Кайрен только закатил глаза, удивляясь подобной непрактичности.
— А ещё закроются все магазины, в том числе и продуктовые лавочки, поэтому следует иметь запас еды дней на двадцать. И свечей, потому как с электричеством бывают перебои.
— И дров, — продолжила Лисса с энтузиазмом, — потому как холодина стоит как на дне морском. А ты чем займёшься, будешь помощницу себе среди кузин выбирать?
— Не выбирать, кого пригласить в наше дело я уже знаю, время мне понадобится на то, чтобы её уговорить. Чинара — дама с характером.
— Чинара? Это как дерево, что ли? — Лисса задала вопрос без всякой задней мысли.
— При ней только ничего такого не брякни. Зашибёт, — вполне серьёзно предупредил её Кайрен.
— А в чём юмор? — заинтересовалась Лисса.

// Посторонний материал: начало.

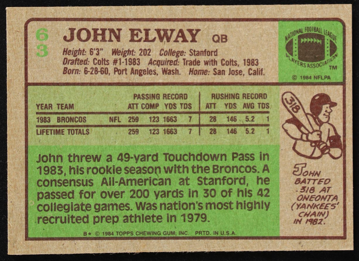 John Elway 1984 Topps #63 RC
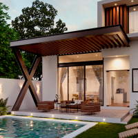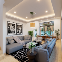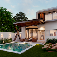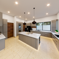 El modelo 331 se caracteriza por tener una distribución en dos plantas con cuatro amplias habitaciones, una de ellas en planta baja para mayor comodidad, además de un estudio y sala de TV en planta alta.

— Не нравится ей это. У нас вообще-то не принято «говорящими» именами детей называть, — расплывчато ответил Кайрен. Ну не объяснять же ей, как кузину в детстве «тупой деревяшкой» дразнили? Нехорошо это будет, непорядочно.

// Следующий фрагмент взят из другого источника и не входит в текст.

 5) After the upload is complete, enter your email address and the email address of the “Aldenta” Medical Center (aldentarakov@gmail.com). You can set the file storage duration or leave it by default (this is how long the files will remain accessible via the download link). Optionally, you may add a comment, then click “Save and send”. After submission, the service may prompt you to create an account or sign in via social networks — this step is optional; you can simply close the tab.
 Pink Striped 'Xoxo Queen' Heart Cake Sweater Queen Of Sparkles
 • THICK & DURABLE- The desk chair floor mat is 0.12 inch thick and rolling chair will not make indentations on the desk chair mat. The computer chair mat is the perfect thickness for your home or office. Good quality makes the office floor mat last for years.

— А-а, — Лиссандриного интереса хватило ненадолго. — А у нас наоборот, очень часто когда двое создают молодую семью и выбирают себе новую общую фамилию, это оказывается какое-нибудь слово не из общеупотребительных.
— Например? Твоя фамилия тоже что-то значит?

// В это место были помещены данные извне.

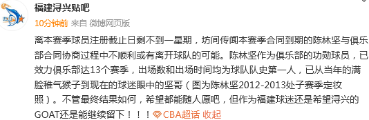 除了这名博主之外,篮球记者“LindaWooo”也在社媒发文:陈林坚的续约问题,仍未完全确定下来,需要等的消息。

— Нилли — это такая мелкая рыбка, которая у нас обитает в быстрых ручьях.
Вот так живёшь, и не знаешь…
— Почему тогда ты свои картины подписываешь бабочкой, а не рыбкой?
— Так то мой личный символ, а Нилли — просто фамилия.
Кайрену, который себя самого не видел отдельно от своего рода, такую постановку вопроса понять было сложно, хотя он и пытался.
Готовиться к Хмарьной неделе, оказалось довольно весело. Продукты в лавках продавались с приличной скидкой и она запаслась не то что на две недели — на месяц вперёд. Свечей, самых дорогих, парафиновых, дающих самый ровный и яркий свет, тоже набрала немало — на их покупке настояла Лило, утверждавшая, что свет ламп в Хмарьную неделю — это совсем не то. С дровами Мило помог и Лиссе даже пару раз удалось рассмешить хмурого подростка. Забегала Лило, предлагала на это время переселиться в их Холм, нехорошо в Хмарьную неделю быть совсем одной, тогда как в это время в Холмах привечают даже взрослых сыновей, но Лисса, хоть и с некоторым сожалением, отказалась. Разместиться со своими холстами и красками ей там будет совершенно негде, это понятно, а оставить любимую работу так надолго, она была не способна физически.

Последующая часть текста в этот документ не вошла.